Por outro lado, as pessoas que se queixam são as mesmas que põem nas redes as suas façanhas, se foram à praia, se o menino teve o primeiro dente, se gostam disto ou detestam aquilo. As figuras, figuronas e figurões que se acham famosos, e gostam, propagandeiam os sucessos e insucessos, sobretudo os sexuais, da sua vida. Não se percebe.
A privacidade morreu. Quem quiser saber o que escrevi em privado, o que comprei, onde fui, a quem telefonei e mais o que quiser, basta saber mexer em computadores ou contratar alguém para entrar e bufar. Não será a restauração da PIDE, mas é parecido. Com uma diferença. A PIDE era “selectiva”, isto é, violava a vidinha dos que classificava como “maus” e deixava os outros em relativa paz. Agora, viola-se a vida de toda a gente, sem precisar de ser polícia ou de pedir autorização seja a quem for.

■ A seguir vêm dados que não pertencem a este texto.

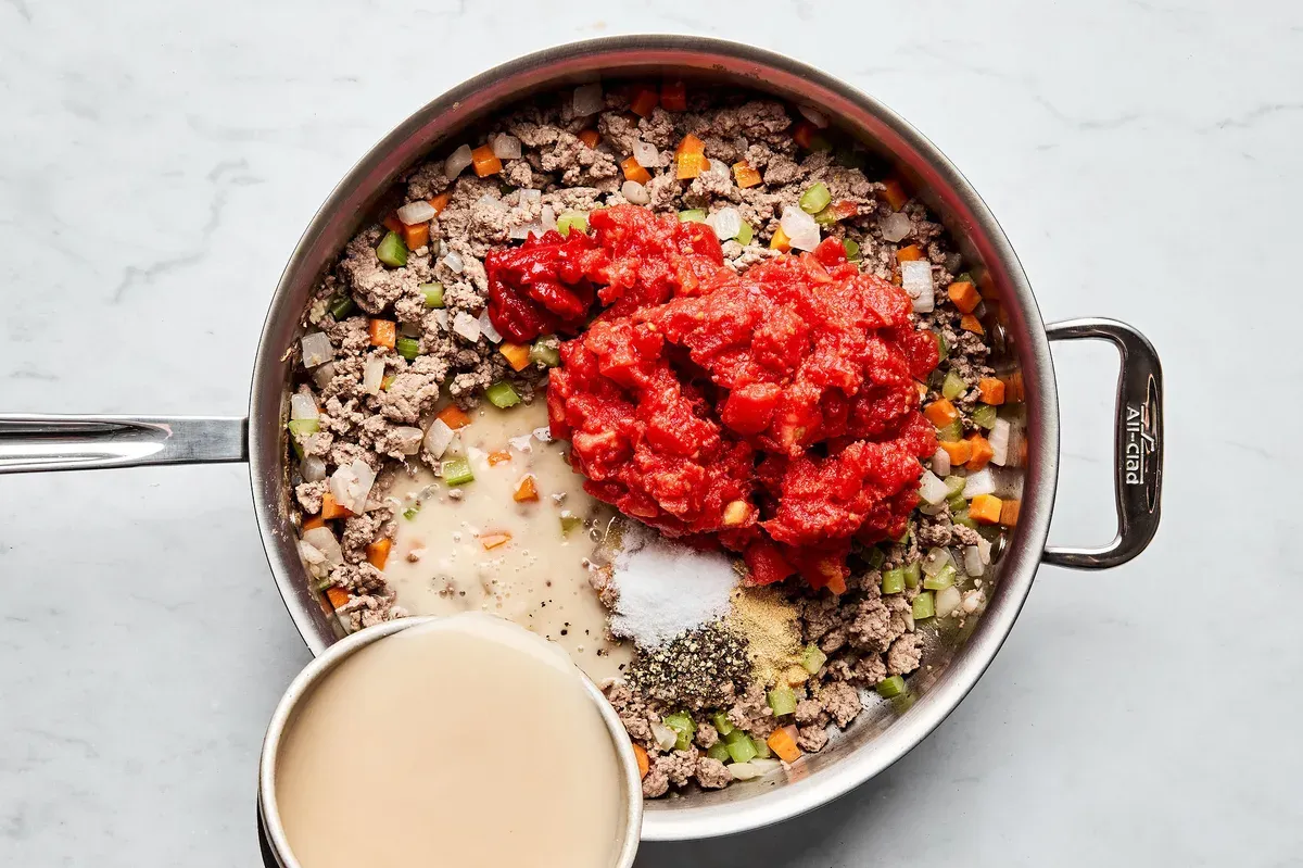 Next, mix 2 cups of chicken stock with cornstarch in a small bowl. Pour this into your beef mixture. Add tomatoes, tomato paste, Worcestershire sauce, and seasonings. Stir well.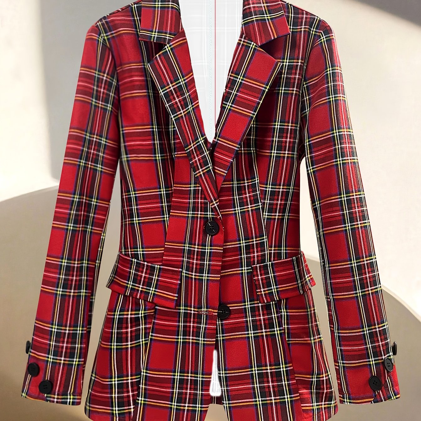 TEMU 여성용 캐주얼 크리스마스 체크무늬 싱글브레스트 슬림핏 긴팔 , 봄과 여름용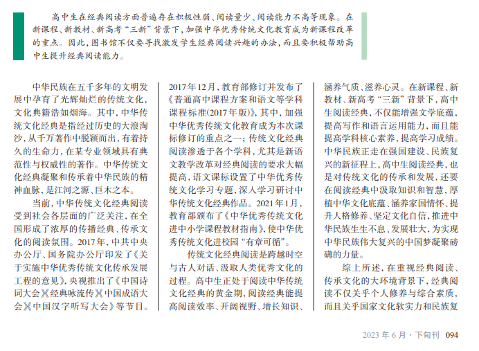 高中生在经典阅读方面普遍存在积极性弱、阅读量少、阅读能力不高等现象。在 新课程、新教材、新高考“三新”背景下,加强中华优秀传统文化教育成为新课程改革 的重点。因此,图书馆不仅要寻找激发学生经典阅读兴趣的办法,而且要积极帮助高 中生提升经典阅读能力。

A coisa penetra, triunfante, por toda a parte. E, se o princípio do sigilo da correspondência é letra morta, se a condenação da bufaria passou a ser selectiva como no tempo da PIDE, não é menos verdade que entraram em crise outras regras fundamentais do Estado de direito, como a que postulava que os fins não justificam os meios e a que reservava a investigação da vida das pessoas às autoridades judiciais e policiais. Não faltam apóstolos a defender o seu fim e a incensar os ladrões, segundo a “qualidade” do que roubaram. O roubo ainda não é admitido como prova, mas já faltou mais para que o seja. Os acusadores prosperam, alimentados por media sequiosos de vender.
Enfim, não faltará quem diga que estou a defender a corrupção e os corruptos, em vez de elogiar “jornalistas de investigação”, os hakers e os acusadores televisivos mascarados de comentadores. Sou uma carta fora do baralho da “modernidade”. Paciência.